IRAP non dovuta per il professionista che emette parcelle elevate per i colleghi domiciliatari

La Redazione
18 Gennaio 2019

La Corte di Cassazione è tornata sul tema dell'IRAP con l'ordinanza del 15 gennaio 2019, n. 719, affermando che l'avvocato che si appresta a pagare parcelle elevate ai suoi colleghi, semplici domiciliatari, non è tenuto al versamento dell'imposta.

La Corte di Cassazione è tornata sul tema dell'IRAP con l'ordinanza del 15 gennaio 2019, n. 719, affermando che l'avvocato che si appresta a pagare parcelle elevate ai suoi colleghi, semplici domiciliatari, non è tenuto al versamento dell'imposta.

Diverso sarebbe il caso in cui il professionista paga parcelle ai colleghi per prestazioni lavorative.

Nel caso in esame, un avvocato chiedeva il rimborso dell'IRAP versata tra il 2003 e il 2006. A suo dire, l'attività era svolta con pochi messi e strutture lavorative limitate. Secondo l'Ufficio, invece, ricorreva il presupposto dell'autonoma organizzazione. Il giudizio della Sezione Tributaria è stato favorevole al contribuente, osservando che l'entità dei compensi percepiti (e, cioè, l'ammontare del reddito conseguito) è irrilevante ai fini della ricorrenza del presupposto dell'autonoma organizzazione. D'altro canto, però, le spese consistenti possono derivare da costi strettamente afferenti all'aspetto personale e rappresentare, pertanto, un mero elemento passivo dell'attività professionale.

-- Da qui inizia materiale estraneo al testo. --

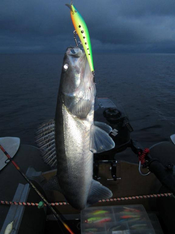 Клюёт на верховые модели с заглублением 1-2 метра и в основном на коротком отпуске от лодки (до 30 метров). Ночью отпуск вообще колеблется от 10 до 15 метров и цвет приманки меняется на жёлтый флюр. Похоже, что грохота мотора он вообще не боится! Поклёвки очень резкие, не раз вылавливал в воздухе уползающий за борт спининг с перетянутым на катухе фрикционом! Даже не очень крупная рыба сопротивляется очень достойно, приходится переключать двигло на нейтралку. На акватории можно наткнуться на разные стайки. В основном это мелочь в р-не 300-400 гр., которая вешается просто дуплетами.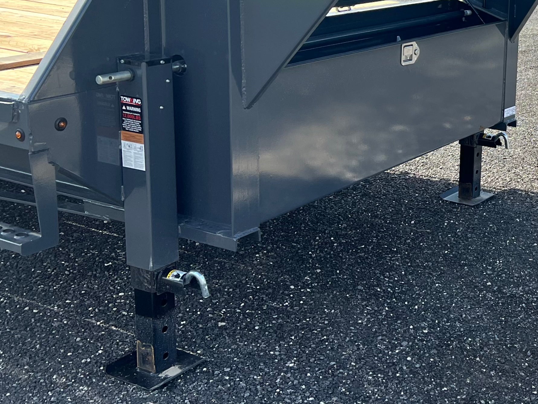 The Lamar FS Trailer features dual 10,000 lb drop-leg jacks, offering superior stability and ease of use. These heavy-duty jacks ensure quick and secure leveling, making setup and hitching smoother and more efficient.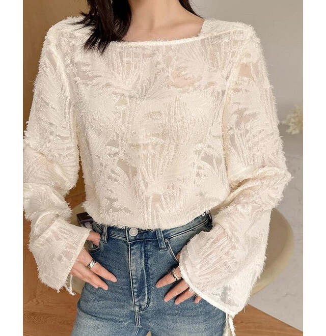ストレートなラインに咲くフラワーモチーフが印象的。光の加減で表情を変える生地感が、さりげなく女らしさを演出してくれます。デニムと合わせても品よくまとまるのが嬉しいポイントです。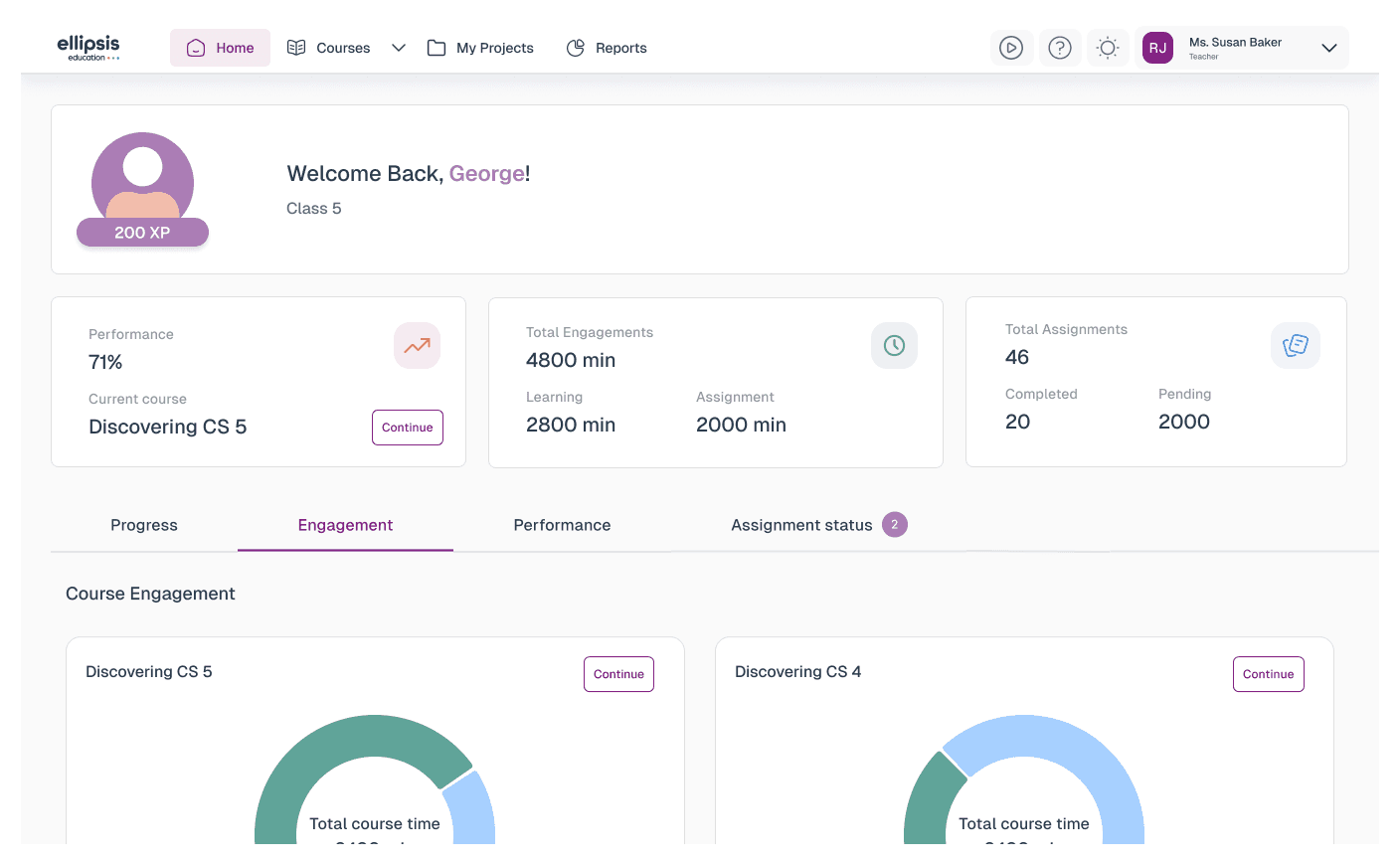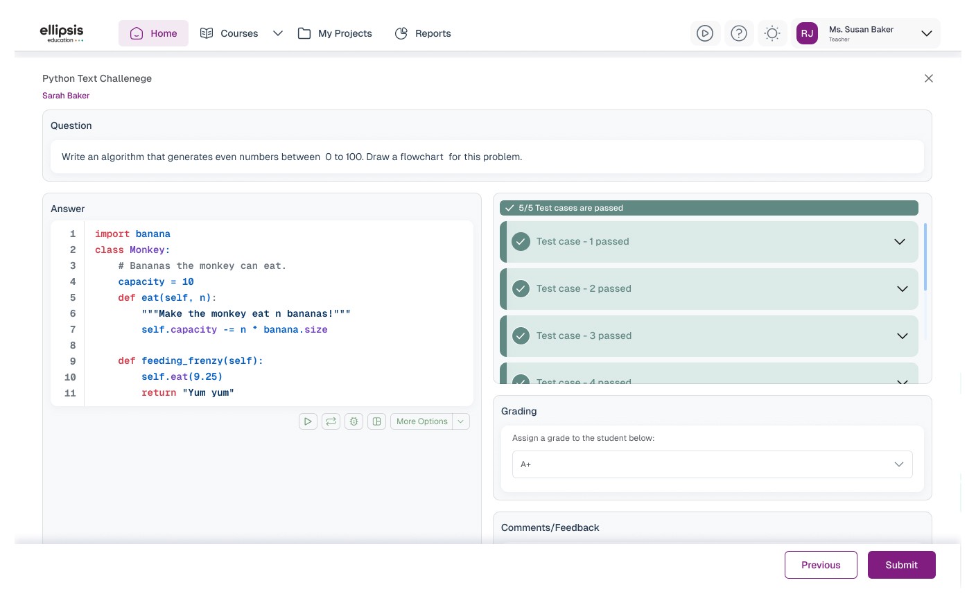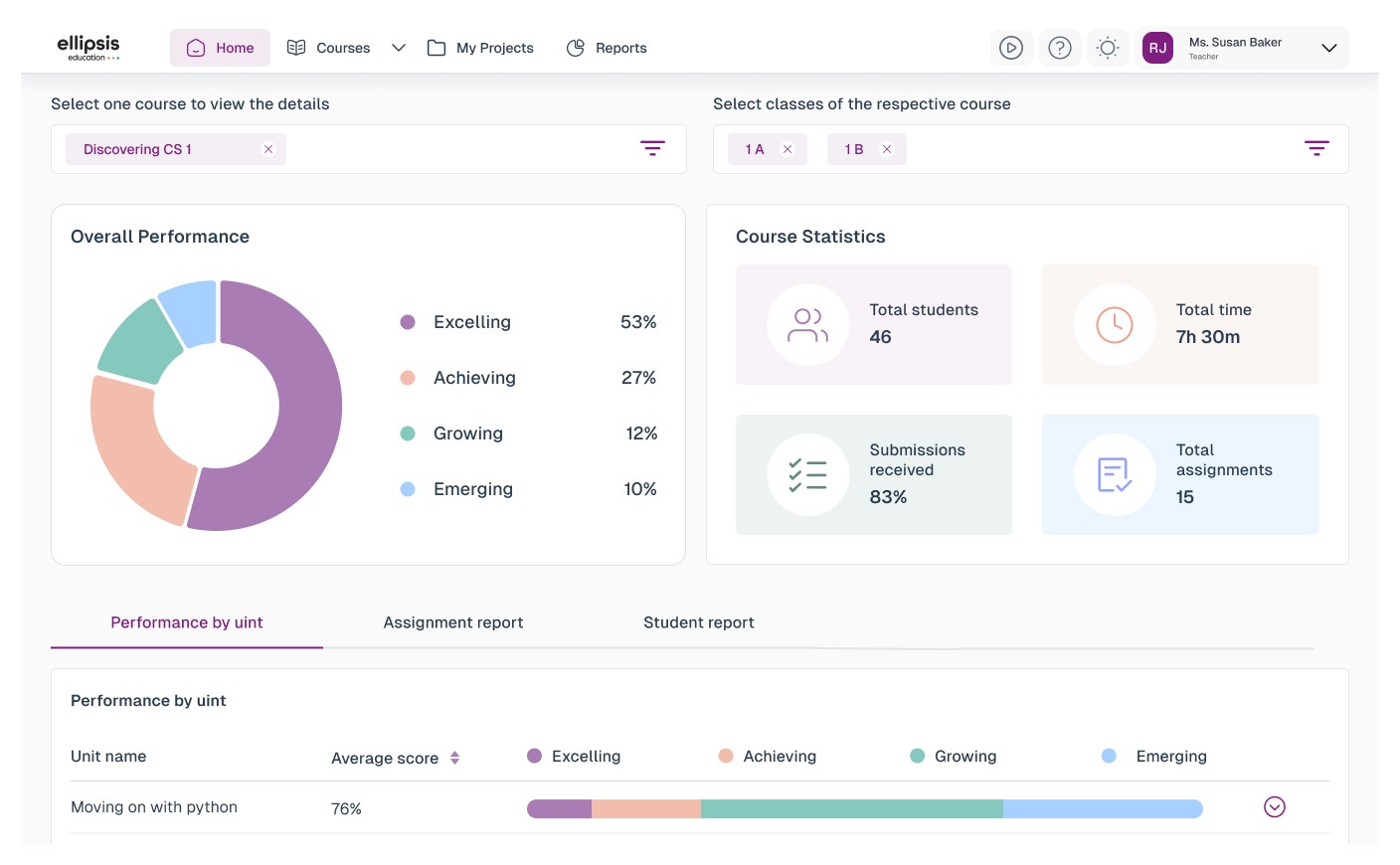 Ellipsis courses are delivered through the Ellipsis learning platform, designed to support high-quality, teacher-led computer science instruction. The platform brings together curriculum, assessment, and student activities in one place—making it easier for teachers to facilitate instruction and for students to engage meaningfully with computer science content.

Inoltre, gli elementi valorizzati dalla CTR erano neutri o addirittura di per sé irrilevanti e generici, tanto da rendere la fondatezza della motivazione della sentenza del tutto apparente. Il giudice di appello aveva anche omesso di valutare degli elementi che avrebbero potuto incidere sulla decisione finale; tutti elementi che hanno indotto i Supremi Giudici di piazza Cavour ad accogliere il ricorso del professionista.